The balance heuristic can introduce unnecessary variance in the case that one of the sampling techniques is a very close match to the integrand (this is closer to what typically happens in computer graphics). The reason for this is explored in more detail in Veach's thesis on pages 270-273.

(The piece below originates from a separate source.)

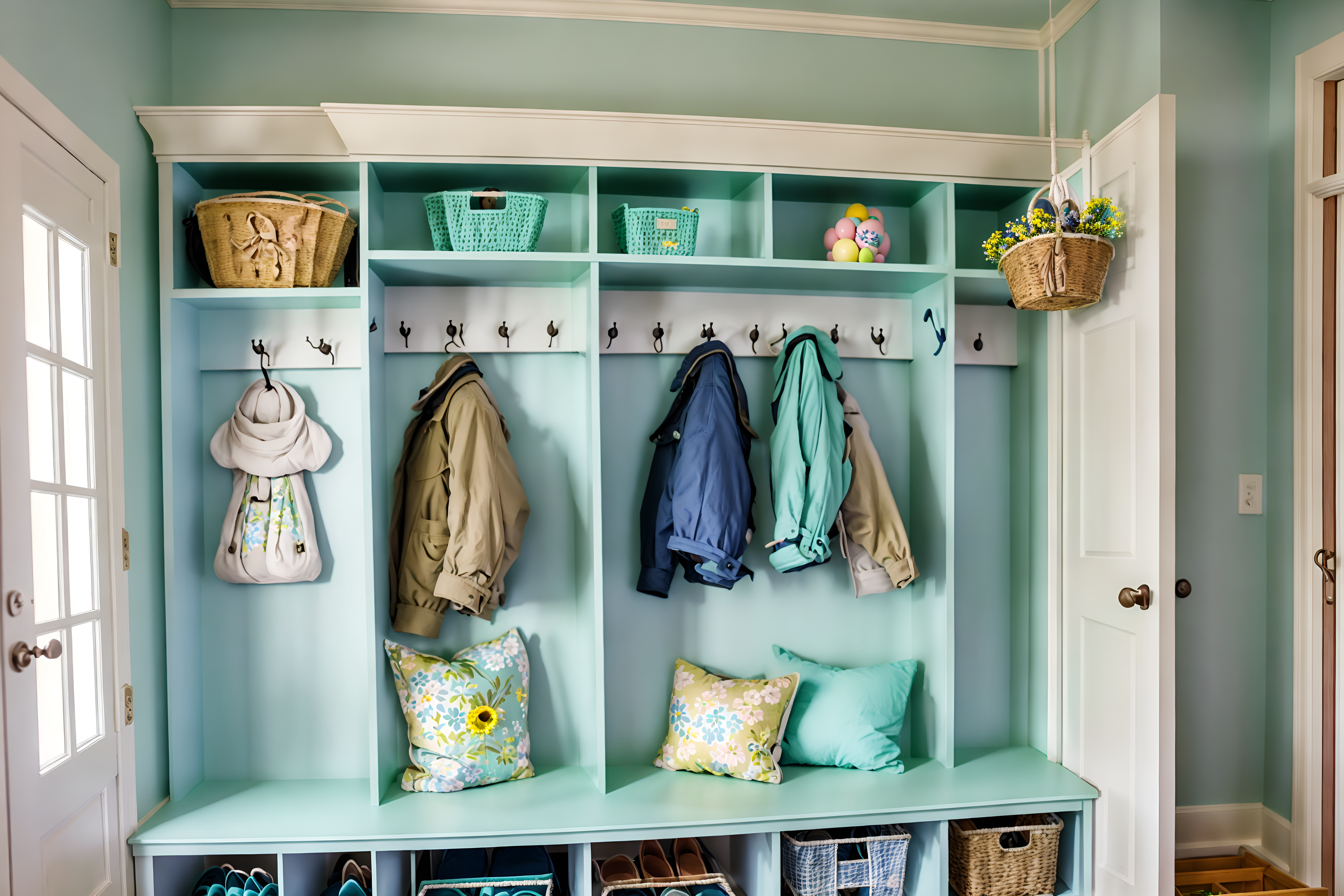 easter mudroomsinterior decorate this mudroom with easter style. . . with a bench and cabinets and storage baskets and wall hooks for coats and storage drawers and shelves for shoes and high up storage and cubbies. . with light blue colors and easter decorations and flowers on table and colorful easter eggs and spring decorations and light blue colors. . .

The way to address this is to 'sharpen' the weighting functions - i.e increase the value of high weights while decreasing the value of low weights. For brevity,we will drop the argument $x$ and write $q_j = n_jp_j$. Veach defines the cutoff heuristic with parameter $0 \le \alpha \le 1$ by:

$w_j(x) = \begin{cases} \frac{q_j}{\sum_{k=1}^{N}{q_k | q_k \ge \alpha q_{\text{max}}}} &\text{if } q_j \ge \alpha q_{\text{max}} \ 0 &\text{otherwise} \end{cases}$

This has the effect of 'cutting off' any samples that are generated with a PDF less than $\alpha$ (and therefore increasing the value of the other weights so as to sum to 1). In the case of $\alpha = 0$ this reduces to the balance heuristic.

### Power Heuristic

The power heuristic with parameter $\beta \ge 1$ is defined as:

\begin{aligned} w_j(x) = \frac{q_j^\beta}{\sum_{k=1}^{K} q_k^\beta} \end{aligned}

In the case of $\beta = 1$, this also reduces to the balance heuristic. For larger values of $\beta$, more sharpening occurs. Veach determined empirically that the value $\beta = 2$ gives good results in typical scenes.

## Conclusion

Although I have not directly linked multiple importance sampling to computer graphics (see this PBRT section for a brief summary), MIS is such a crucial technique for reducing variance in offline rendering that it was mentioned as a reason for Eric Veach's technical Oscar. You might be amused to watch the video of him going up on stage and receiving the award from Michael B. Jordan and Kristen Bell, who clearly have no understanding of the words they are reading off the teleprompter.